Nausea and corruption in Siam-land

He’s stripped of his rank, so we shall call Thitisant Uttanapol by his other nickname, Joe Ferrari.

Joe Ferrari phoned into the police press conference last night and it became a heartfelt episode of:

“Thank you, boss, for this personal platform to make excuses to the public.”

He admitted what he did was wrong, but his intention was noble:

“I want to get the information to destroy the drugs that are destroying the people of Nakorn Sawan.”

“I did it for the Thai people, so children don’t grow up to become junkies.”

“Did it” took six layers of black plastic bags, choking, punching, and kneeing, and a lie in the coroner report that said the suspect died of methamphetamine.

Still, Joe Ferrari continued the hero card, saying he’s the only one to blame, not his subordinates. Translation: Don’t turn state witness against me.

After all, he already thought he had destroyed evidence. After the incident on 6 August, he ordered the CCTV footage deleted. Except, he forgot one. Put that together with the reason why he ran away, and this was his reply:

“I just panicked. I’m young and inexperienced.”
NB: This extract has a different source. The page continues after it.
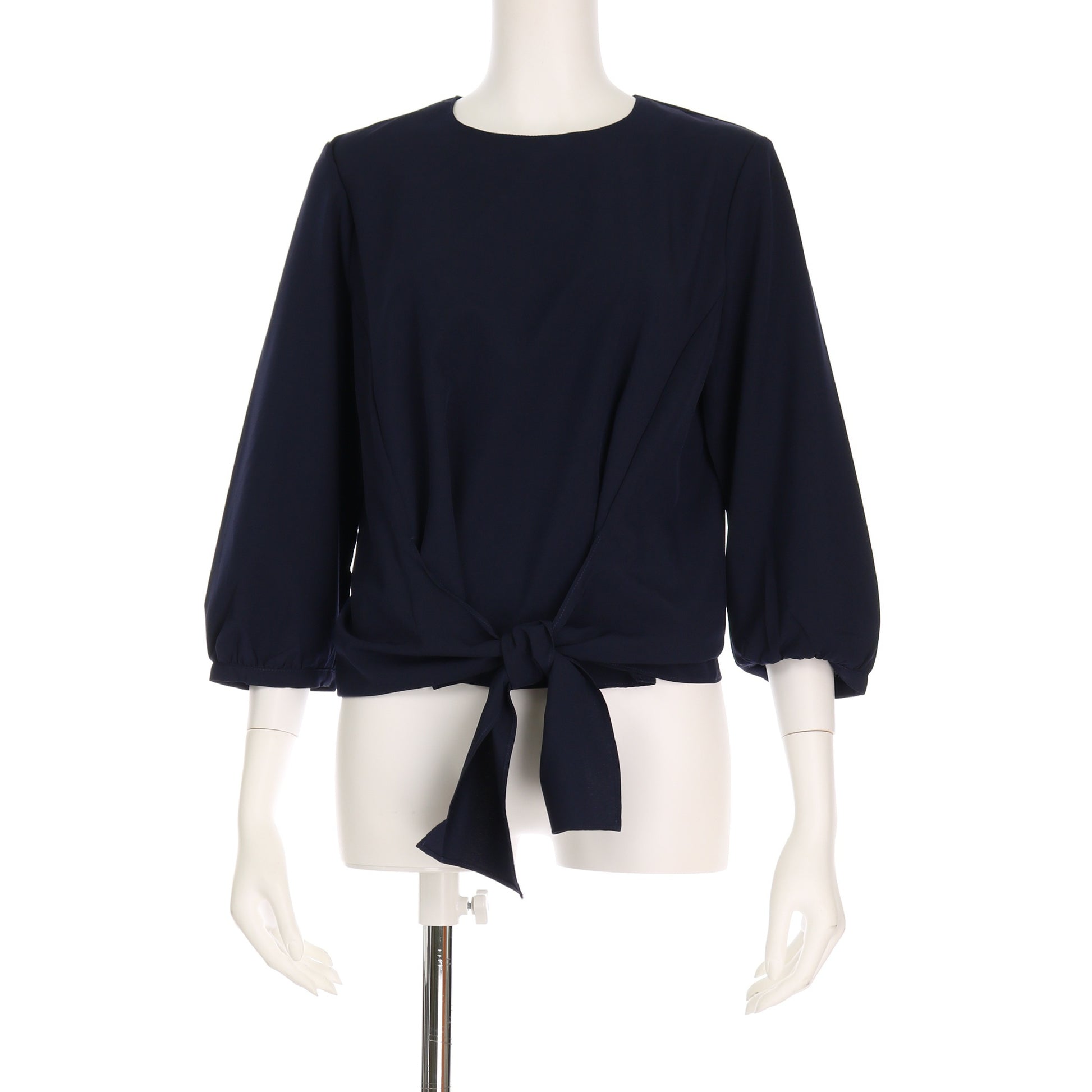 ウエストリボンがポイントのラウンドネックブラウス。フレアスカートと合わせてレディライクに仕上げたり、テーパードパンツと合わせてきれいめカジュアルに仕上げるのもいいですね。

How did someone young and inexperienced become police chief? It’s the patronage system, and Joe Ferrari is an excellent earner for the bosses (just like in the mafia).
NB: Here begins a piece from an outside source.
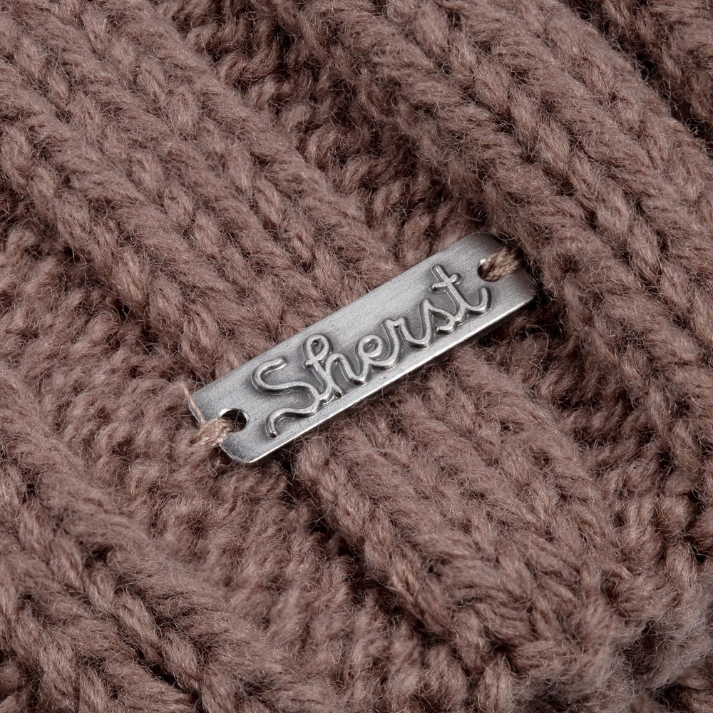 Металлический шильд с названием бренда расположен у заднего шва шапки. Это оставляет место спереди для пришива лейбла или шильдика с логотипом заказчика.

According to the Bangkok Post, during 2011-2017, Joe Ferrari confiscated 368 smuggled fancy cars.

The Custom Departments auctioned 363 cars for about one billion baht.

Here’s how systematic corruption works:

Regulations give 30% of the value to informers and 25% to arresting officers. So, theoretically, that’s a cool 250 million for Joe Ferrari. But, here’s another stinker: Some media say it was Joe Ferrari who smuggled in the cars.
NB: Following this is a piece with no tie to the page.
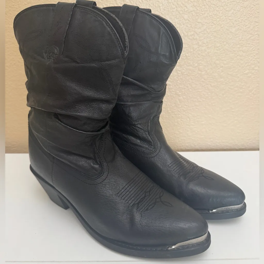 The Shyanne Slouchy Hairress Black Boots in women's size 11 feature a pointed toe and a pull-on closure for easy wear. With a mid-rise shaft and mid-heel height, these Western-style boots are perfect for a variety of occasions including travel, parties, and casual outings. Made of leather with a comfortable insole and outsole, these boots are durable and stylish. The black color and solid pattern make them versatile for all seasons, while the block heel adds a trendy touch to your outfit. Perfect for those who enjoy a touch of Western flair in their footwear. - See all pics for any wear. these are in pre-owned condition - From Smoke Free Environment - Item shown the exact item you will receive. ** Be sure to Follow us, We post new items 3-4 days a week. **SHIPS FROM Salinas California**

It’s a system for public servants to make money. Obviously, Joe Ferrari isn’t a one-man show. There’s a patronage network of mafioso in uniform. Everyone gets a little taste (just like in the mafia.)

Of course, an excellent earner such as Joe Ferrari would be promoted to underboss, as in a police chief in Nakorn Sawan. Of course, he would continue to earn.

However, Joe Ferrari told the media, “Since I became a public servant, I have never corrupted.”